Hence, first a simple example without any atomics, mutexes, or other thread synchronization. Let's just look at two threads that are updating their own global variable, with no overlap between the threads. In theory, these two threads should not affect each other at all. In reality, there are CPU cache lines.

Here are our two global counter variables:

   int g_counter1 = 0;
   int g_counter2 = 0;

In practice, false sharing is more likely to occur with two atomics declared close together. However, in this example we're just testing with two completely unrelated threads, with absolutely zero synchronization happening between them. They really shouldn't impact each other, if not for false sharing.

Here is the sequential code, which sets two global variables:

   void runtest1_no_threads(int n)
   {
      for (int i = 0; i < n; i++) {
         g_counter1++;
      }
      for (int i = 0; i < n; i++) {
         g_counter2++;
      }
   }

Here are the two threads that aim to set those two global variables in parallel. Note that each thread only accesses one variable, without any "sharing" going on.

   void thread1(int n)
   {
      for (int i = 0; i < n; i++) {
         g_counter1++;
      }
   }

   void thread2(int n)
   {
      for (int i = 0; i < n; i++) {
         g_counter2++;
      }
   }

And here's the basic thread launching code:

   void runtest1_threads(int n)
   {
      std::thread t1(thread1, n);
      std::thread t2(thread2, n);
      t1.join();
      t2.join();
   }

Finally, here is the timing code using <chrono>:

   g_counter1 = g_counter2 = 0;
   auto before = std::chrono::high_resolution_clock::now();
   runtest1_no_threads(n);
   auto now = std::chrono::high_resolution_clock::now();
   auto diff = std::chrono::duration_cast(now - before).count();
   std::cout << "Time (no threads): " << diff << " microseconds" << std::endl;

Here are the speed results from executing the sequential and threaded code for 100 million iterations using g++ on Linux.

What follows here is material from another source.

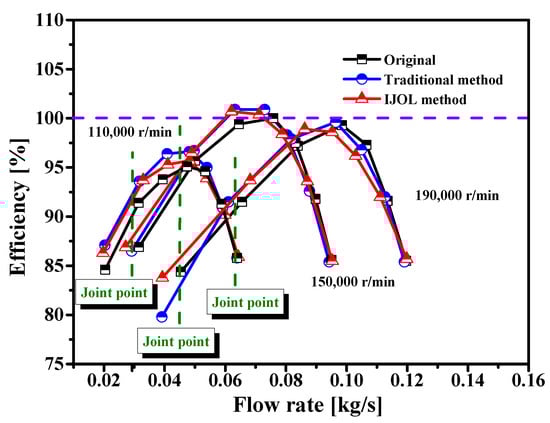 The efficiency comparison of the three structures is shown in Figure 22. Near the joint point of 150,000 r/min, the efficiency of the traditional method was the same as the original compressor, while at other speed joint points the efficiency of the traditional method was lower than that of the original compressor. The efficiency of the IJOL method was higher than that of the original compressor at all joint points. As can be seen in Table 8, the performance index of the traditional method was lower than that of the original compressor, while the performance index of the IJOL method had obvious advantages and was the best performance structure in the operating conditions.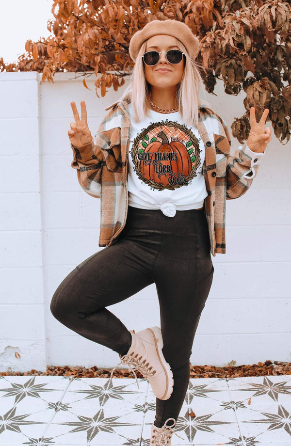 Give thanks to the Lord for he is good circle with pumpkin 112361 DTF TRANSFER

   Time (no threads): 256079 microseconds
   Time (2 threads): 209341 microseconds

Note that the threaded code does not actually run twice as fast as the sequential code, despite having two threads that should run in parallel. In fact, it only improves on the sequential code by about 19%, rather than 50%. Why?

It's the magic of false sharing, whereby one thread writing to its variable slows down the other unrelated variable that's only being used by the other thread. The two threads are constantly writing to their own variable, which messes with the cached value of the other global variable used in the other thread. It's kind of like entanglement in quantum physics, if you like that kind of thing.

Solutions for False Sharing

There are a few coding solutions to prevent false sharing. The basic idea is ensuring that the addresses of unrelated thread-shared global addresses are not too close. Options include:

  • Putting global variables in random spots throughout your C++ code.
  • Using alignas to enforce address spacing on alignment boundaries.

The first one is kind of a joke, although it would probably work in most cases. However, it's not technically guaranteed where the linker will put unrelated global variables in the address space.

A more elegant solution is to put variables, especially atomics, on address alignment boundaries. The idea is to ensure that each important global variable is alone in its 64-byte block. The global variables in our declarations become:

   alignas(64) int g_counter1 = 0;
   alignas(64) int g_counter2 = 0;

By declaring them both as alignas(64), it guarantees two things:

  • The variables start on a 64-byte alignment boundary (we don't care about this here), and
  • They are the only variable in that 64 bytes (this fixes false sharing).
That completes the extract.